A bitter election in 2011 was marked by escalating payments and promises from FIFA reserves, which was announced Friday as $1.432 billion. Scala said such giveaways of FIFA money ''will not be possible'' before the May 2015 poll.

Last time, FIFA gave $144.4 million in ''extraordinary payments'' from 2010 World Cup profits - $550,000 to each country and $5 million to each continent - which Blatter described as a ''gift to our shareholders.''

Blatter's election rival, Mohamed bin Hammam, pledged to double annual grants and project funding before he withdrew when implicated in buying votes in the Caribbean.

Bin Hammam was accused of offering $1 million - envelopes of $40,000 to each of 25 CONCACAF members - at a meeting in Trinidad one week after Blatter's $1 million FIFA promise in Miami.

Blatter has said he will seek re-election if enough of FIFA's 209 member countries ask him. Other potential candidates are UEFA President Michel Platini, deputy chairman of the development panel, and former FIFA official Jerome Champagne.

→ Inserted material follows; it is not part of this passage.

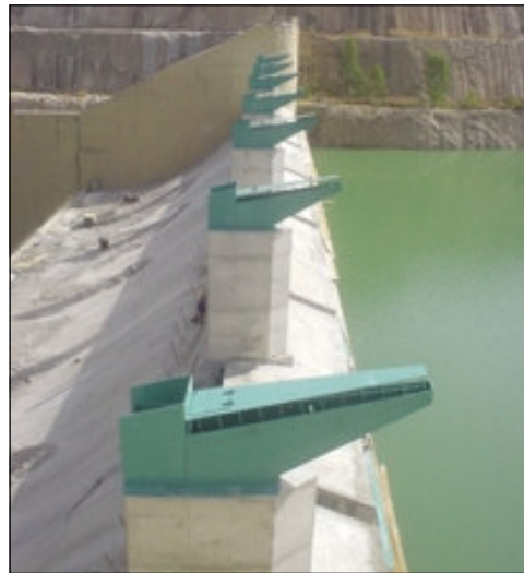
The fusegates at Beni Amrane.

Located 50 km east of Algiers, near the town of Thenia, the 39.5 m-high Beni Amrane dam provides drinking water for the capital. Commissioned in 1988, this gravity dam quickly began to suffer from a significant level of silting, which reduced its storage capacity from 11.6 \times 10^6 \text{ m}^3 to 5 \times 10^6 \text{ m}^3 at the beginning

Scala said he would help decide a new FIFA president's contract and salary but cannot change Blatter's ongoing terms.

Though Scala favors publishing Blatter's secret salary and bonuses package, he said it is ''not my most important battle'' compared with imposing term limits on time in office.

Blatter's contract gives annual performance-related bonuses and four yearly bonuses tied to the World Cup commercial cycle, Scala said.

''It's a very normal contract you would expect for a CEO,'' said Scala, who was chief executive at dental firm Nobel Biocare Holding AG for four years until 2011.

Bonuses for Blatter's executive committee colleagues ended in December.

''There was no relationship in logic for them,'' Scala said.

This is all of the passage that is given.